Mon, Jan 14, 2013
Julia Biggs is the founder of Interimity a HR and Recruiter community network on Linkedin and a regular contributor to the HR and Recruitment Buzz. Julia shared with us her thoughts on ‘why HR has the recruitment industry we deserve’
I have spent a long time as a recruitment agency client, a shorter time as a head hunter and an even shorter time as a candidate. All of them very dispiriting experiences – even though I worked hard at being a good client. Shoddy shortlists to get the next invoice out, minimum candidate evaluation, care and diversity, and pushy recruiters focused on sales and not service with no idea of what the role is about.
Only this weekend I found out that a young white male of my acquaintance has become a ‘head-hunter’ straight from University after doing well on an unpaid internship that his wealthy and connected parents arranged for him. And that is his only work experience. Great. I really need him on my difficult assignment rooting out and attracting the talent. He’s not even stacked shelves in Tesco and he’s ready to understand complex requirements and impress candidates? That’s my company brand he’s trashing. But apparently, he could be a great salesperson.
So how has it become like this? It’s simple. It’s us in HR. In the way that The Sun says it prints what we want to read, recruitment companies have grown up around our lack of interest or pride in recruitment. The best shop window an HRD could ever have.
And we give it away to agencies, on a PSL decided by procurement, and even put a third party RPO in between, who maintains the estate agent model of no win no fee. One of the better agencies I know has seen their conversion rate go from 1 placement for 2.5 shortlists to a 1:10 ratio with the rise of the RPO. Are they really going to be focused on a quality shortlist when they have 30 candidates to find, motivate and keep warm for just one fee?
Most frustratingly, I can’t see any other part of the business working like this. When the CEO needs consulting expertise, they don’t say to McKinsey, Bain or BCG ‘come in, do the work and we will then pay one of you. Or none of you in fact, if we don’t like the outcome’. How did procurement do such a great number on us?

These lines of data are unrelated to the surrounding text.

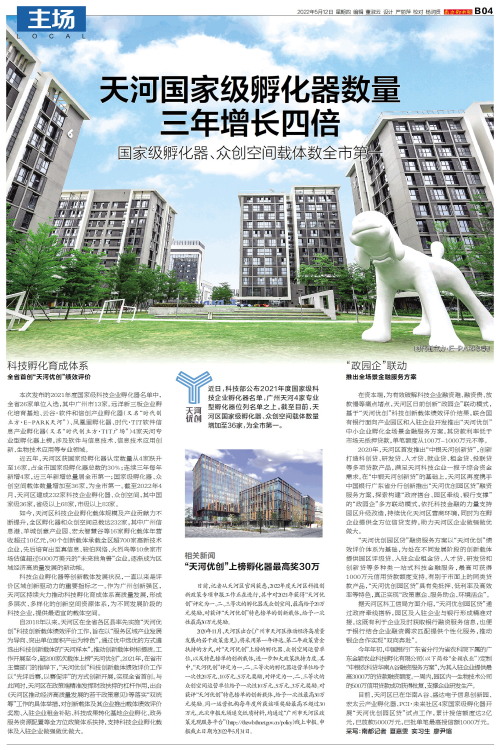 近日,科技部公布2021年度国家级科技企业孵化器名单,广州天河4家专业型孵化器位列名单之上。截至目前,天河区国家级孵化器、众创空间载体数量增加至36家,为全市第一。科技孵化育成体系全省首创“天河优
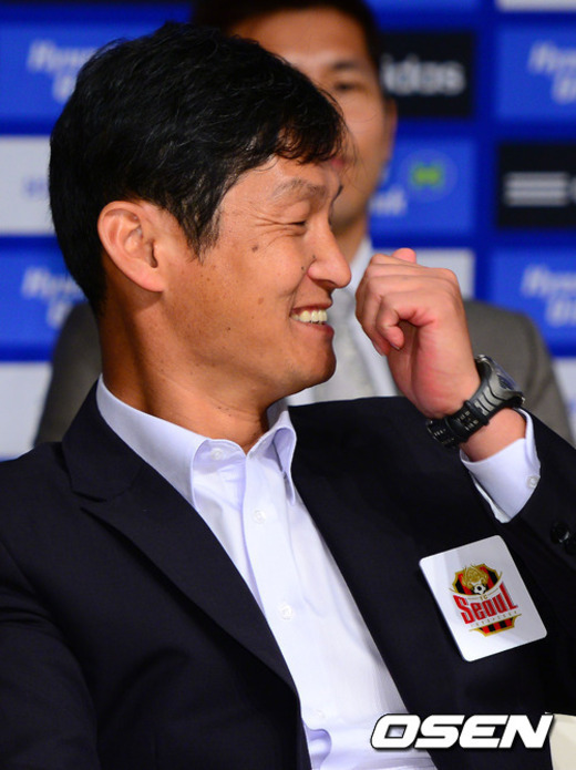 13일 오전 서울 아산청책연구원에서 진행된 '2012 K리그 스플릿 시스템 그룹A'(서울, 전북, 수원, 울산, 포항, 부산, 제주, 경남) 기자회견에서 최용수 서울 감독이 윤성효 수원 감독의 이야기에 미소를 짓고 있다.
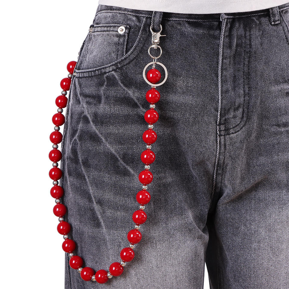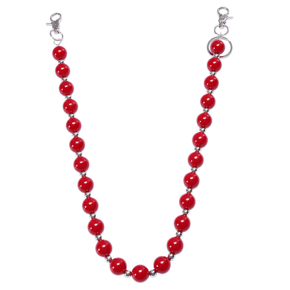 color:Single-layer red beaded pant chain with billiard ball and white ball.
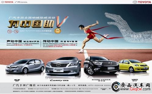 根記者從廣汽豐田南寧廣緣高新區(qū)店了解到,廣汽豐田廣緣店正在舉辦為中國加油,為奧運吶喊助“V”,活動,只要你到南寧廣緣高新區(qū)店參與中國加油,為奧運吶喊助“V”,將獲贈高級禮品一份,活動期間推出更多的購車優(yōu)惠活動,價驚全城!
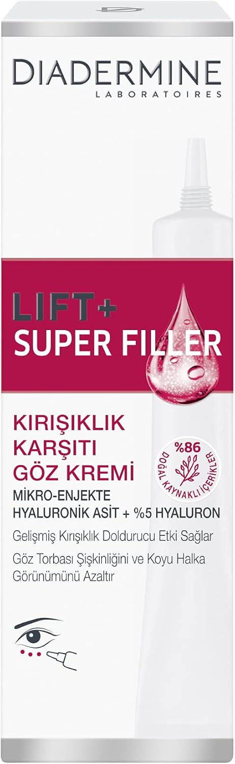 hedef cinsiyet: Kadın öğe formu: Krem cilt tipi: Karma ürün hacmi: 15 milliliters aktif maddeler: Hiyalüronik Asit Diadermine Lift+ Superfiller Göz Kremi, 15 ml
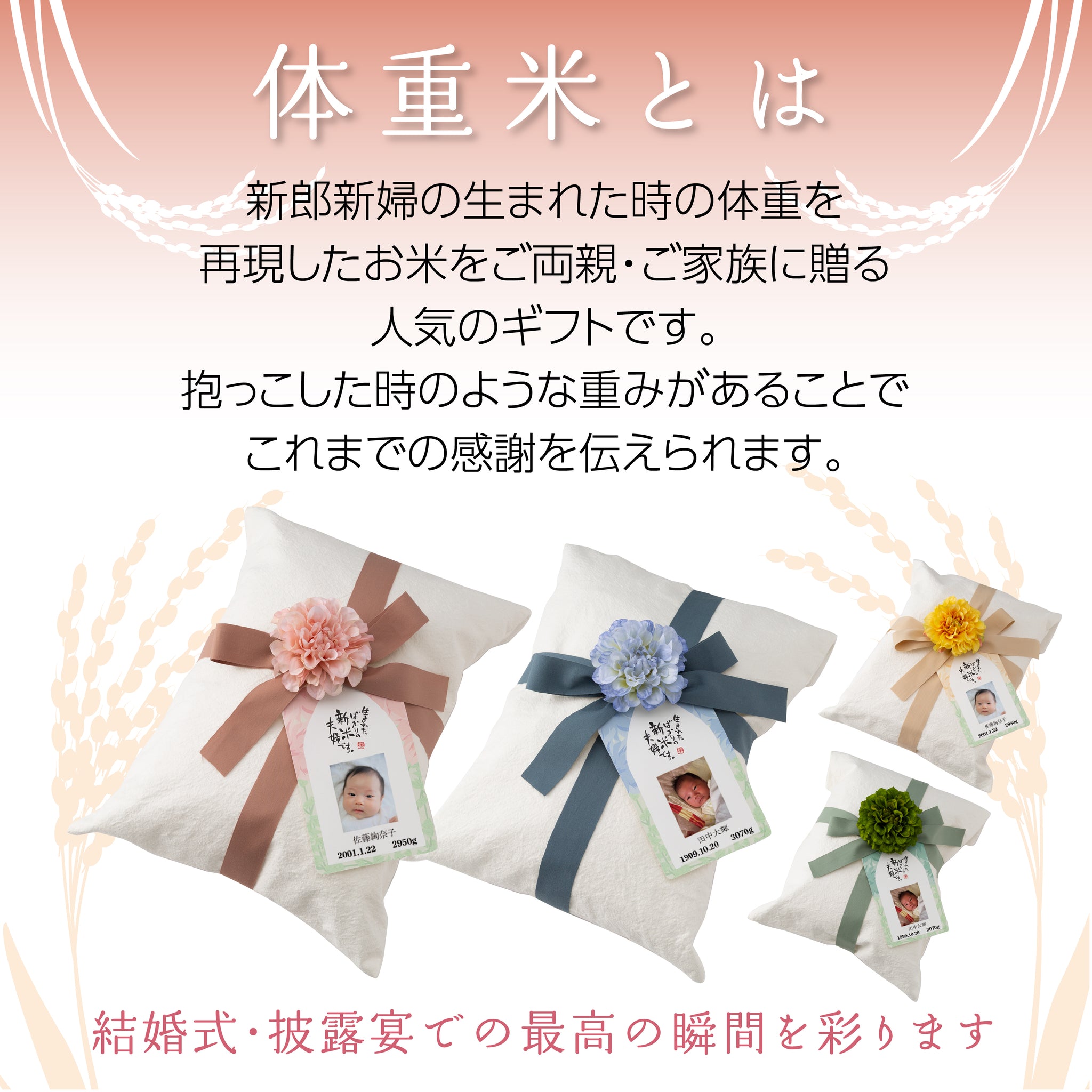 印象的な体重米ギフトで結婚式・披露宴を彩り、サプライズとともにご両親・ご家族に感謝の気持ちを伝えられるギフトです。

Were they seduced by agencies who started to offer no win, no fee just to get our attention?
So if we in HR are to blame, how do we fix it?
Well, I notice the really smart HRDs (or CEOs) are bringing recruitment back into the fold and closer to their hearts, and giving procurement and the bean counters a wide berth. They see that, attractive as top line cost savings look in the proposal, they may not be happening in reality and they don’t take into account the hidden costs of not hiring the right people, and really hacking off 29 out of 30 potential customers, with a 1:10 contingency ratio.

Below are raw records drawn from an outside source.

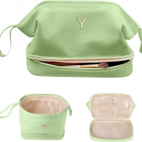 Gifts for Teacher-Initial Makeup Bags, Personalized Double Layer Cosmetic Bag with Makeup Brush Organizer, Women Birthday Gifts, Large Capacity PU Leather Toiletry Bag, Gifts for Friends
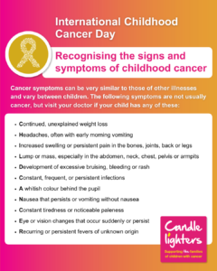 Learn more about spotting the early symptoms of childhood cancer, and treatments, by visiting https://www.candlelighters.org.uk/support-for-families/about-childrens-cancer/
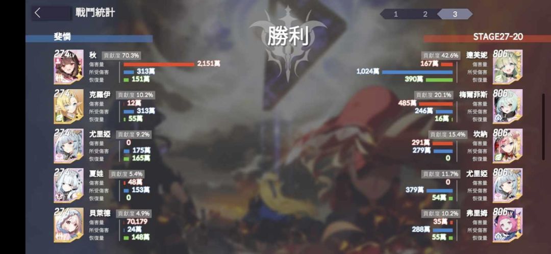 秋:我們的神,唯一裝備爆傷套,她有多強請見烏鴉佬的分析文,我就不多說明了。放一張圖來向大家展現秋的強度,扛最多的傷害,打最多的輸出,又回一大堆血。但是使用上需要擔心的是因為秋也是前排站位,還有使用主動技或大招都會移動到對方攻擊力最高的角色旁邊,所以如果開技能沒砍死對面,那麼秋是很容易被反殺的,所以請務必注意秋使用技能的當下是否達到了頂傷條件。
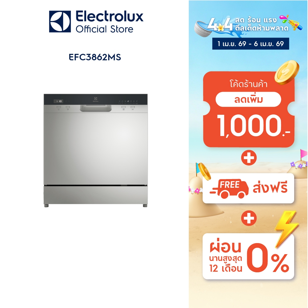 [ติดตั้งฟรี] Electrolux เครื่องล้างจานแบบตั้งโต๊ะ UltimateCare 300 ขนาด 55 ซม. พร้อมที่วางจาน 8 จุด รุ่น EFC3862MS

They also see the need to get close to a limited top talent pool – limited by the very definition of the phrase ‘top talent’. Given it is now much easier to find that talent, it makes sense to own the beginning of the employee relationship. Who would care more about attracting and retaining the right people? Someone focused on hitting a monthly target or someone who sits next to the CEO and wants to be seen as a serious contributor to the success of the business?
So where does this leave the traditional agency? There will always be the less savvy clients who will fail to see the chance to change and the recruitment ‘consultant’ who will work on a no win, no fee basis. Let them. And let candidates know who they are, easily done with social media.
The ‘talent’ will gravitate toward a new breed of agency, those who have a real consulting relationship with their clients, and have enough experience, expertise and time to really get to know their candidates and coach and advise them as they focus not on numbers on their database, but on quality and understanding.
Given most of the volume recruitment can be done in-house pretty easily nowadays, these new agencies will have such depth of expertise in their niche and will drive hard on candidate quality and care it will make sense financially for the client to partner properly. And given the agencies are niche and highly specialised, there will be little competition and therefore they can establish exclusive (if not necessarily retained) relationships with clients. After all, it works for McKinsey, Bain and BCG.
And what about the new ‘head-hunter’ straight from University. Well, perhaps he can go and get a real job, learn a market in depth and come back to recruitment when he really does have something to offer. But keep him off my account until then.